In the past year alone, there have been incidents which shook the confidence of investors and raised doubts about the safety of their investments with the market intermediaries on whom they placed their faith . Thankfully, the market regulator stepped in to initiate stringent action against these intermediaries by cancelling their broking licences for illegally pledging investors’ monies and securities.

Here are 10 caveats, particularly for new investors, which can help them to keep their investments safe and protect their financial assets pledged with their brokers and depository participants (DP):

Track all credits made by the broker: Investors need to ensure that the broker is crediting the securities to their demat accounts on the payout day even if they are not fully paid.

Read the PoA document thoroughly: The Power of Attorney (PoA) that investors provide their brokers with should only have clauses as directed by the regulatory authorities. These clauses are to enable the brokers to ensure seamless pay-in of securities for settlement purposes and/or to move the securities to designated accounts for pledging with the Clearing Corporation (CC) of exchanges for fulfilling the margin requirements. Investors should read the PoA document to ensure there are no additional clauses added that can enable their brokers to take advantage of their securities or funds in any other way.

Park all non-cash collaterals only in their DP accounts: Any upfront margins that investors may have provided through non-cash collaterals should be kept in their own DP accounts. They need to ensure that such collaterals aren’t moved out of their accounts.

Trade portal should display MTF collaterals: For any customer who has availed of the SEBI-prescribed ‘Margin Trading Funding’ (MTF) facility, securities pledged for it need to be clearly displayed as collateral along with the positions on the trading portal.

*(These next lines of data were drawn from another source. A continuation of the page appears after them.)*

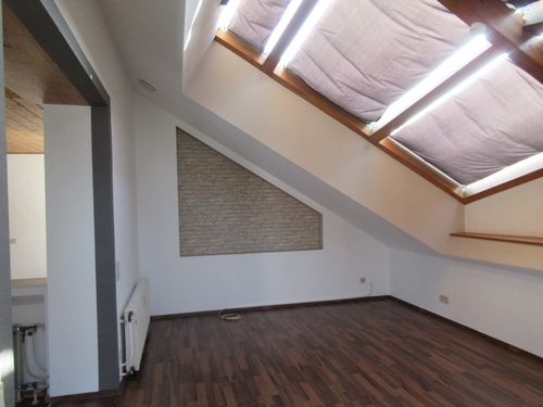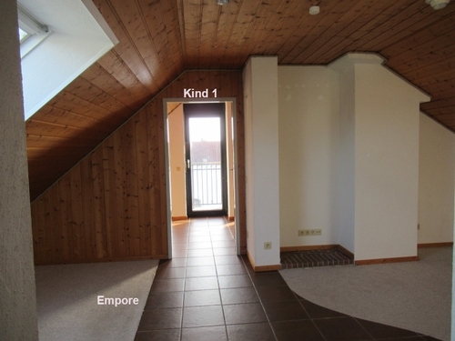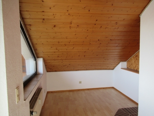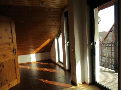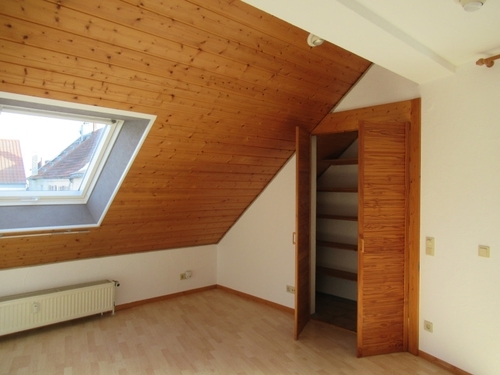Ein weiterer Raum ist das Schlafzimmer. Hier sind praktischer Weise insgesamt 3 Einbauschränke in die Schrägen eingearbeitet. Des Weiteren ist ein Zugang auf den vorerwähnten Süd-Balkon (der auch von der Küche einen Zugang hat) möglich. Da kann man den Abend nochmal an der frischen Luft gut ausklingen lassen.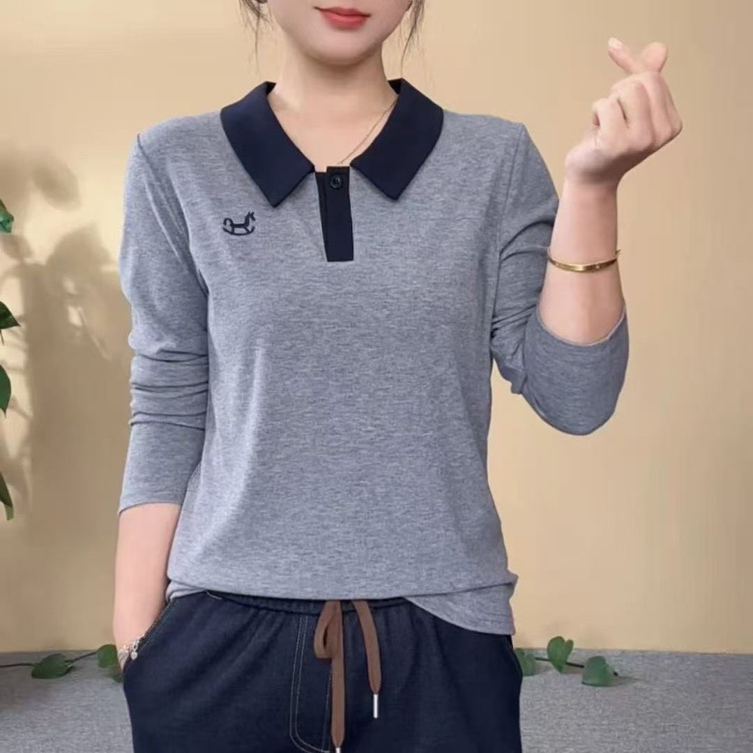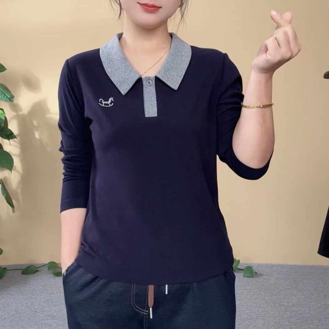 秋季新款长袖T恤衫休闲简约翻领小衫妈妈装短款春秋打底衫上衣女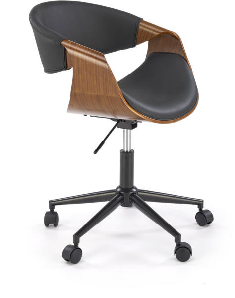 BILBO irodai szék, fekete / dió BILBO irodai szék, fekete / dió Méretek: 55/55/72-82/43-53 cm Egyszerű mechanizmus, hajlított rétegelt lemez / eko bőr Szín: dió / fekete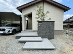 姫路市新築外構・外構でつくる開放的なカッコいい600角タイルの玄関ポーチ 昼も夜も美しい平屋の門まわり 建物の計画段階からご相談をいただいたプラン&施工です。落ち着いた色合いの平屋住宅に重厚感ある門まわりをプランニングしました。門柱は300×600の【セラレバンテタイル】で施工し、ポストと宅配ボックスを埋め込みました。玄関ポーチ〜アプローチ部分は、600角タイルを使ったフロート階段とし、見た目のカッコよさはもちろん、左右の動線も考慮した開放的なデザインとしました。平屋の玄関アプローチは特に開放的に施工すると建物が引き立ちます。シンボルツリーはイロハモミジ。足元はクラッシュロックとジンチョウゲを植えて、和モダンテイストも演出しました。プラン・打ち合わせ・施工管理担当:植田1級エクステリアプランナー登録番号28-1EX-0026 ご提案パースBefore|After着工前角地の平屋住宅完工玄関ポーチは、広い開放的なフロート階段のアプローチを施工。LEDライトも仕込んであります。施工中玄関ポーチは広さを取るため、ブロック積みで拡張施工中玄関ポーチタイルの色決め。実物タイルで色の最終確認します。施工中フロート階段の下地土間コンクリート打ち。フロート部分は型枠で下地をします。施工中ポーチ&アプローチは、『アイコット600角・ナバラ』を張っていきます。玄関からのビュー。玄関ポーチから門柱まで続く一体化したアプローチ。600角タイルを使用することで広さを感じるアプロー… | ![]() |
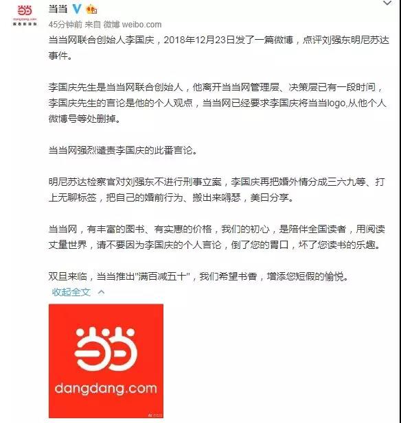 当当网称,李国庆离开当当网管理层、决策层已有一段时间,该言论是他的个人观点不代表当当网的立场。当当网已经要求李国庆将当当logo,从他个人微博号等处删掉。当当网强烈谴责李国庆的此番言论。明尼苏达检察官对刘强东不进行刑事立案,李国庆再把婚外情分成三六九等、打上无聊标签,把自己的婚前行为、搬出来嘚瑟,美曰分享。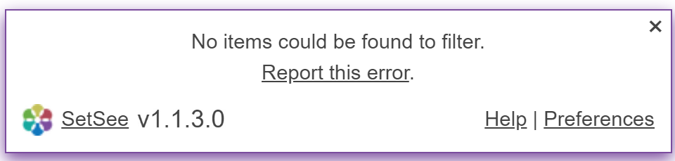 Q:  SetSee is showing me an error that says “No items could be found to filter.”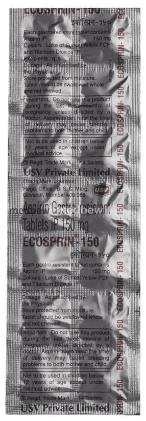 Ecosprin 150 Tablet is a non-steroidal anti-inflammatory drug (NSAID) with anti-platelet action. It works by preventing platelets from sticking together which decreases the formation of harmful blood clots. This lowers the chance of heart attack or stroke.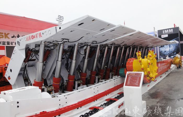結(jié)構(gòu)特點:多電機驅(qū)動,電機橫向布置,傳動系統(tǒng)簡單;框架結(jié)構(gòu),零部件安裝和維修方便;部件間采用高強度液壓螺栓副聯(lián)接;裝有彈性扭矩軸,保護截割傳動系統(tǒng);液壓系統(tǒng)集成性強,管路簡單,操作點多;開關(guān)磁阻電機調(diào)速,適用重載頻繁啟動,功率損耗小,效率高;采用高效強力耐磨鎬形齒滾筒;具有功率、電機溫度、水壓、油壓、漏電等保護;可與多種槽寬的工作面刮板輸送機配套,用于綜采或綜放工作面。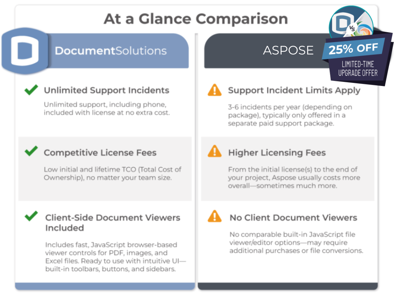 Support Comparisons: Aspose has set incident limits that require additional purchases for extended support, while Document Solutions includes unlimited support incidents with all licenses.

Ensure the broker is complying with the norms of moving surplus funds/securities: Brokers should always comply with the norms of moving surplus funds and securities lying with them in defined frequency at all points in time. Investors need to keep a track on whether the broker is adhering to this norm.

Ask for all statements during the payouts: At the time of payouts, investors should be provided with the fund’s ledger statement, securities ledger statement and retention statement. Investors should always ask their brokers for these statements during the payout.

Real-time notifications of all transactions: Investors should ensure they are notified of all the transactions that are done on a real-time basis by them or even through assisted channels such as call and trade and dealers.

Frequent logins into the trading account: Investors need to frequently login into their trading portals to have access to all reports such as the order book, trade book, demat holdings, demat transactions and funds ledger statements.

Choose the broker on the basis of track record, not pricing: Investors shouldn’t fall prey to pricing wars while choosing their brokers. Instead, they should go with a broker with at least a decade of established track record of efficiently and transparently managing customers and their portfolios in compliance with all regulatory norms and practices.

Evaluating the trust quotient: Brokers need to become partners on whom investors can completely place their trust for managing their financial wellness. If there is even an iota of doubt, investors should be prepared to replace their brokers.